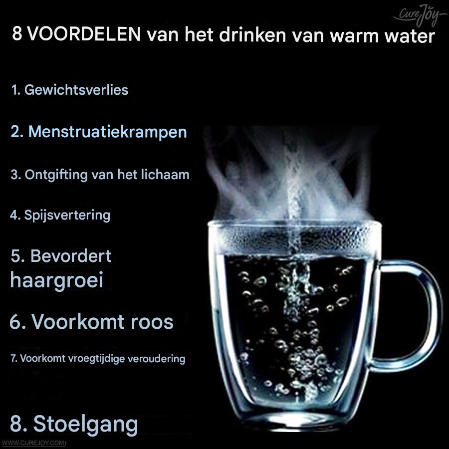 Warm water stimuleert de stofwisseling, waardoor het lichaam efficiënter calorieën kan verbranden. Een warme drank voor de maaltijd kan ook een gevoel van verzadiging geven, waardoor je minder snel naar snacks grijpt. Hoewel warm water op zichzelf geen drastisch gewichtsverlies veroorzaakt, kan het een waardevolle ondersteuning zijn in combinatie met gezonde voeding en voldoende beweging.
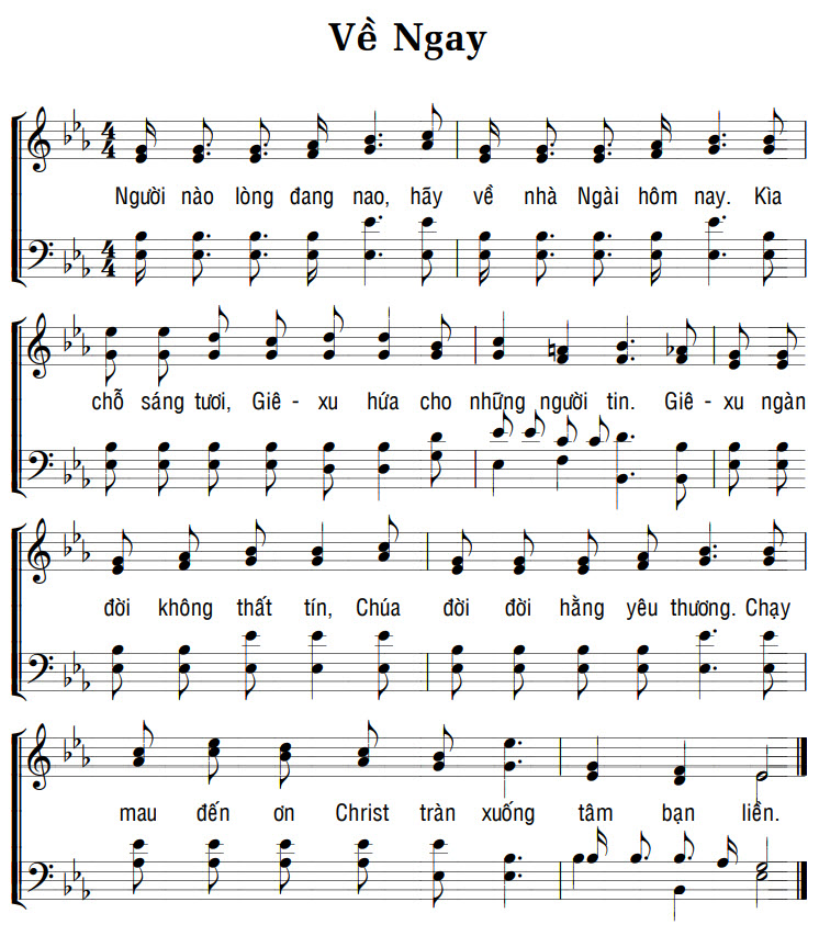 1. Người nào lòng đang nao, hãy về nhà Ngài hôm nay. Kìa chỗ sáng tươi, Giê-xu hứa cho những người tin. Giê-xu ngàn đời không thất tín, Chúa đời đời hằng yêu thương. Chạy mau đến ơn Christ tràn xuống tâm bạn liền.
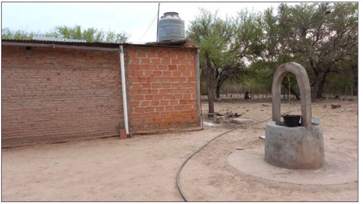 En el año 1973, con fondos recolectados a partir de la recaudación monetaria y la mano de obra de las propias familias de la comunidad, se consigue realizar la perforación del suelo y construir el primer jagüel7 para obtener y almacenar agua de las napas subterráneas, las cuales luego eran baldeadas8 con tracción animal. Posteriormente, en el año 2005, se construye (ya a partir de la organización política como Mo.Ca. Se) el primer pozo surgente comunitario con redes de distribución hasta los distintos hogares y los primeros aljibes con cisterna para almacenar agua de lluvias en las casas (ver ejemplos de este tipo de construcciones en las figuras 1 y 2).
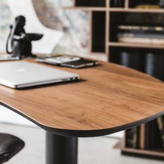 MALIBÙ - рабочий стол в стиле элегантного минимализма от итальянской фабрики Cattelan Italia. Столешница имеет округлые, приятные формы и выполнена из ценных пород дерева. Цилиндрической основание стола изготовлено из металла.
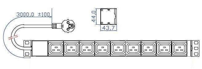 Блок розеток 19 1U 9хС19, шнур с вилкой Schuko
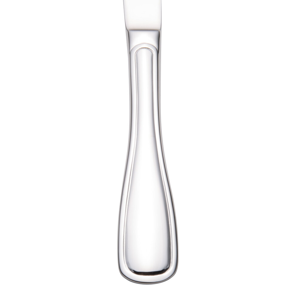 The Acopa Saxton line features a subtle design that will both blend in with and complement a variety of dinnerware styles. Serve this knife with entrees at your restaurant, bistro, or cafe. Its tasteful design and heavy weight make it elegant enough for a catered event, but its simplicity also make it a great everyday choice to go along with your standard dinnerware.
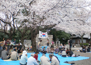 桜が咲くのを待ちかねたかのように各地の民団本・支部が、団員を慰労する野遊会を開いている。参加者は婦人会の準備した料理をほおばり、韓国民謡に体を揺らした。思わず「アー、チョッター」の声も聞かれた。
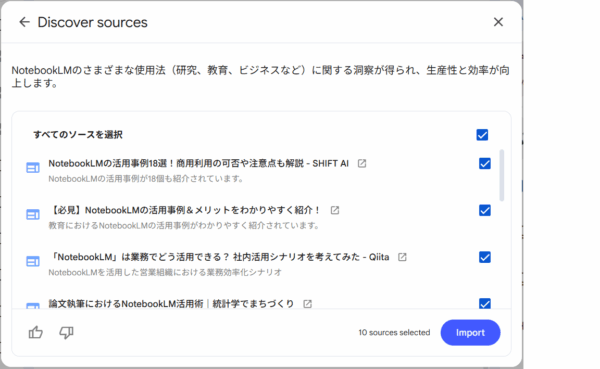 読み込ませるソースが決まっていないときは、右上の「Discover sources」から、調査したいことについて検索をかけると合致するソースを見つけて提示してくれます。
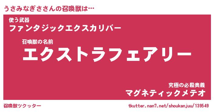 | ヒーロー風カッコイイあだ名 | 『スーパーウサミナギサ』『天弓騎士ウサ』 |
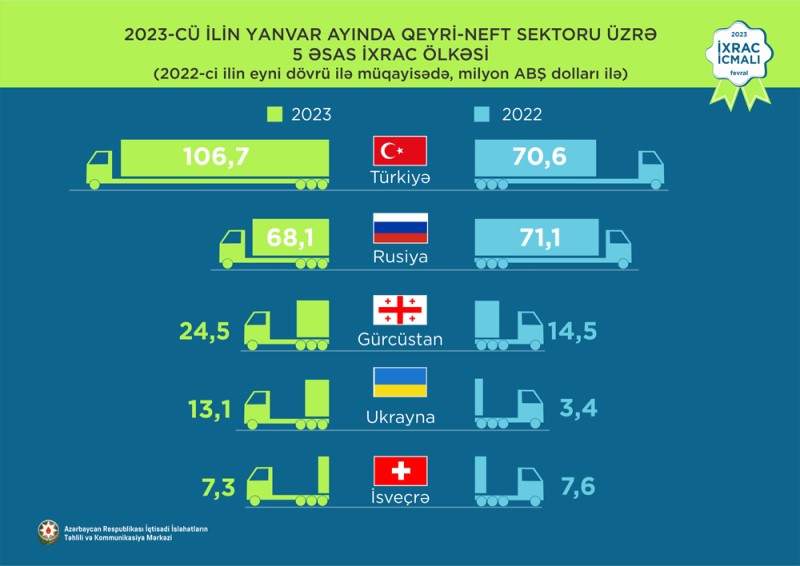 2023-cü ilin yanvar ayında qeyri-neft sektoruna aid ən çox mal ixrac edilən ölkələrin siyahısında Türkiyə (106,7 milyon ABŞ dolları) birinciliyə yüksəlib. Bu siyahıda Rusiya Federasiyası (68,1 milyon ABŞ dolları) ikinci və Gürcüstan (24,5 milyon ABŞ dolları) üçüncü olub.

*Exercise*
With the pictures omitted, restate word for word the lines above from the line that has "読み込ませるソースが決まって" up to and including the line that has "ヒーロー風カッコイイあだ名 | 『スーパーウサミナギサ』『天弓騎士ウサ』 |", and no other lines.

*Solution for this task*
 読み込ませるソースが決まっていないときは、右上の「Discover sources」から、調査したいことについて検索をかけると合致するソースを見つけて提示してくれます。
 | ヒーロー風カッコイイあだ名 | 『スーパーウサミナギサ』『天弓騎士ウサ』 |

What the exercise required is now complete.